Entering Room 61, the Class 4 students got right to work tackling the “brain breakfast” warm-up, a daily routine in Lauren Gallagher’s math class. The morning’s colorful lesson focused on decimals.
As the girls learned at the beginning of this unit, a decimal is a number expressed in the scale of tens, such as tenths, hundredths or thousandths. Numbers include a decimal point when they contain part of a whole number (For example: 3.75 equals three wholes and 75/100 of a whole).
To teach the unit on decimals, Ms. Gallagher uses Google spreadsheet grids, which allow the students to create digital designs using the countable rows and columns. For that day’s challenge, she presented her students with a classmate’s design of a house (dark brown and light brown) on a lawn (green) surrounded by an apple tree (red and green), a clear sky (light blue), fluffy clouds (white) and a bright sun (yellow). In total, the design was made up of 300 tiny squares of various hues. It was the students’ job to determine each color’s value and to double-check that the values indeed added up to the design’s total value, three wholes. Ms. Gallagher gave them a hint: One square in the design equaled one hundredth (a visual form with which they were familiar).
Except for the scratching of busy pencils, the rub of an eraser and an occasional whisper, Room 61 was still. While the students concentrated on solving the day’s decimal puzzle, their teacher guided them by suggesting strategies and asking questions. “What if I don’t like to borrow, or regroup, across zeros? What can I do instead?” she asked. “How do you know? Can you show me?” After a few minutes of productive independent work, the class came together to share.
“Who left blue for last?” asked Ms. Gallagher, referring to the sizable sky. Several hands went up. One student explained her reasoning: “There’s a lot of blue to add up.” In this scenario, some students felt it was easier to tabulate the sum of each of the other colors before calculating the value of the expansive blue by finding the remaining difference from the total design. Others chose alternative, equally valid, strategies.
“Now call on someone new for light brown,” Ms. Gallagher instructed another student, who offered her calculation for the house’s front door before calling on a friend to continue the conversation. By the end of the lesson, each student had an opportunity to share her decimal deductions.
As they made their calculations, the girls learned how to write the decimals in four ways: standard, picture, word and fraction forms. For example, if the color blue encompassed 44 out of 100 squares, number representations included: 0.44 (standard); | | | | …. (picture); forty-four hundredths (word); and 44/100 (fraction). They recorded these forms in a table, called the key.
As positive peer feedback is a regular part of the class, the atmosphere was one of camaraderie, not competition. “Mistakes are always learning opportunities,” Ms. Gallagher stated. “Give yourselves a pat on the back for trying.”
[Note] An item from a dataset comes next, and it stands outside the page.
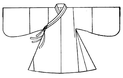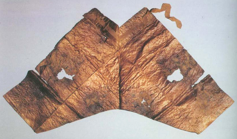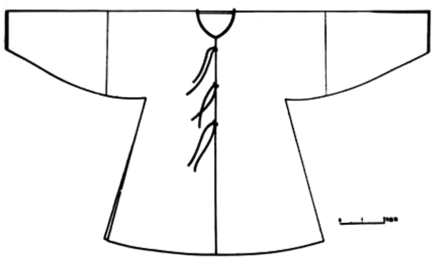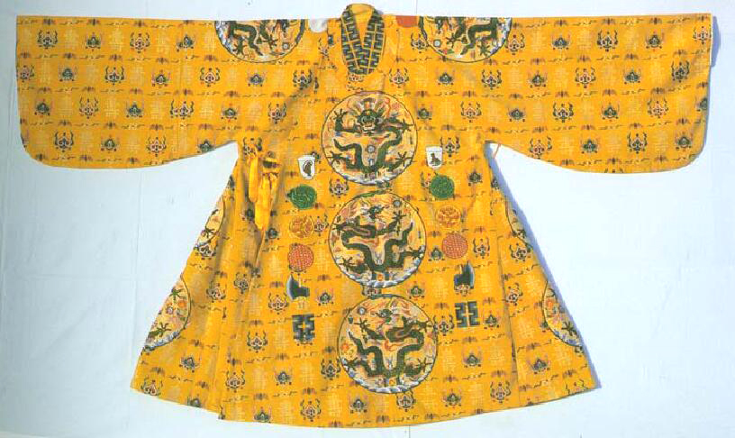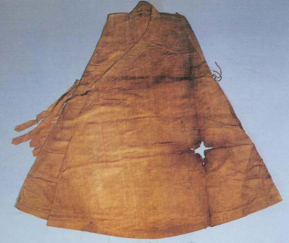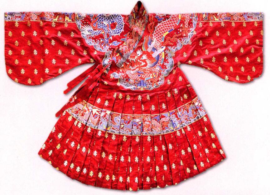 萬歷帝棺內(nèi)出土一件襯褶袍,面為織金妝花緞,里為羅。交領(lǐng),上衣與下裳相連,右腋下有絹帶一對。

During an earlier class, the students designed their own digital pictures based on grids of 100 or 1,000 with an accompanying explanatory decimal key. A creation with Rudolph, complete with a shiny red nose, was clever and timely. Another featured geometric configurations in purple, yellow and orange.
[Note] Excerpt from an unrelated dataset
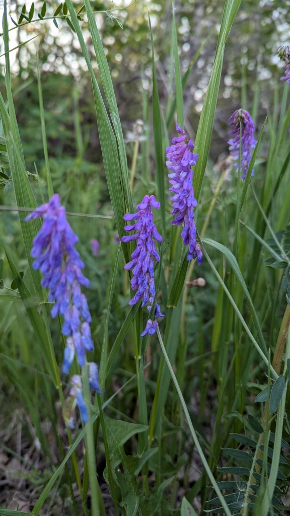 This colony had already plugged out 2 honey supers, and each box weighed easily 60 pounds. This hive needed room fast, as both vetch and alfalfa are just starting to bloom now, which will fuel the honey flow even more. So I added 2 more supers in anticipation of the hive’s ability to keep going.Here’s some Vetch…it’s a pretty purple flower with a sort of vine leaf. The plant appears delicate but, if you try to pull it out, you will be able to feel how strong that little vine-like stem is.

“It’s really cool to represent decimals through pictures,” exclaimed a student, whose enthusiasm for this project was widely shared among her classmates:
“I really like math! Especially in Class 4 [because] you’re making so many connections. Math is all about making connections.”
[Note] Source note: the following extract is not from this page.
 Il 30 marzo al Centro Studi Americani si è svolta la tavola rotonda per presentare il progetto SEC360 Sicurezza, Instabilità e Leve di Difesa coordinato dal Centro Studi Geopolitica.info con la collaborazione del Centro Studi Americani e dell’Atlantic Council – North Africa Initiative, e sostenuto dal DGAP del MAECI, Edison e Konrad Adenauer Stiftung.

“You need to find out yourself. We are not sitting for hours and memorizing. We’re not being told the answer. We are discovering it.”
“I love math. It’s my favorite subject. There is always so much more to learn, which is so cool!”
As the morning’s lively lesson wrapped up, the Class 4 students handed in their papers, collected their backpacks and headed to recess, perhaps with an extra boost of confidence from their study of dazzling decimals.